Türkiye’de hanelerin küçülmesi hane türlerindeki değişime paralel gelişiyor.
Dönüşen haneler
Türkiye’de bugün en yaygın aile türü, tek çekirdek aileden oluşan hanehalkı tipidir; özellikle eşlerden ve çocuklardan oluşan çekirdek aileler bu türün büyük bir kısmını oluşturmaktadır.
Bu hanehalkı tipi, 1980’lerin başında toplam nüfus içinde yüzde 58 iken, 2000’li yılların başında geniş ailelerin hızla çözülmesine paralel olarak yüzde 68’lere kadar yükselmiştir. 2011 yılında toplam haneler içinde yüzde 68.6 ve 2014 yılında yüzde 67.4 pay alırken, 2020 yılında bu oran yüzde 65.2’ye kadar düşmüştür. Çocuklu çekirdek aile oranları da aynı yıllar içinde sırasıyla yüzde 51, yüzde 45.7 ve yüzde 42’dir.
2022 yılı sonunda tek çekirdek aileler toplam hanelerin yüzde 64.5’ini oluşturmaktadır ve çocuklu çekirdek ailelerin oranı da toplam haneler içinde yüzde 40’a gerilemiştir.
Yakın Türkiye tarihinde en önemli çözülme gözlemlenen hane türlerinin başında geniş aile tipi gelmektedir. Bu aile tipi, 1980’li yıllarda toplumun yüzde 34’ünü oluştururken, 2000’li yıllara geldiğimizde yüzde 20’lere kadar hızla küçülmüştür ve 2022 yılı sonunda da tüm hanelerin yüzde 12.8’ini teşkil etmektedir.

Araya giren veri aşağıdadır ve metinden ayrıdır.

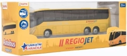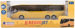 Vydejte se za zážitky s ikonickým žlutým autobusem REGIOJET. Model s kovovým tělem a plastovými detaily nabízí zpětný chod, otevírací dveře a délku 19 cm – skvělý dárek pro malé řidiče i sběratele.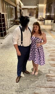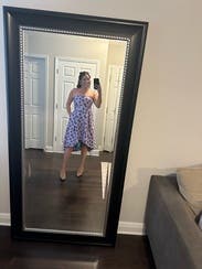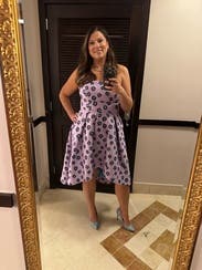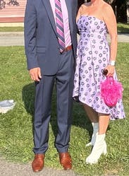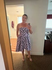 Why I love RTR!! I totally stepped out of my normal style with this one and LOVED! Felt like Carrie in Sex & the City. Wore to a friend’s dual birthday/Derby party and it was so appropriate! I would likely try a size 4 if I wore again only because I have a broader frame and the zipper did pinch my back a little bit but not enough that it bothered me while wearing! Once my husband got it zipped up it truly felt like a fairly perfect fit. It’s more that I just knew it was giving me a little back fat vs feeling it as uncomfortable. So cute!!!

Toplumda yaygınlaşan hane türlerinden biri de ülkedeki boşanma oranlarının artmasına paralel olarak, tek ebeveynli ve çocuklu çekirdek ailelerdir. Parantez içinde belirtmek gerekirse, bin kişi başına düşen boşanma sayısı 1980 yılında 0.36 iken, 1990 yılında 0.48, 2000 yılında 1.4, 2020 yılında 1.6 ve 2022 yılında da 2.13 olarak ölçülmüştür.
1980’li yılların başında yüzde 4.8 olan tek ebeveynli ailelerin oranı, 2000’li yılların başında yüzde 5’e ve 2020 yılında yüzde 9.7’ye ulaşmıştır. 2022 yılı sonu itibarıyla ise bu oran yüzde 10.2 olarak açıklanmıştır.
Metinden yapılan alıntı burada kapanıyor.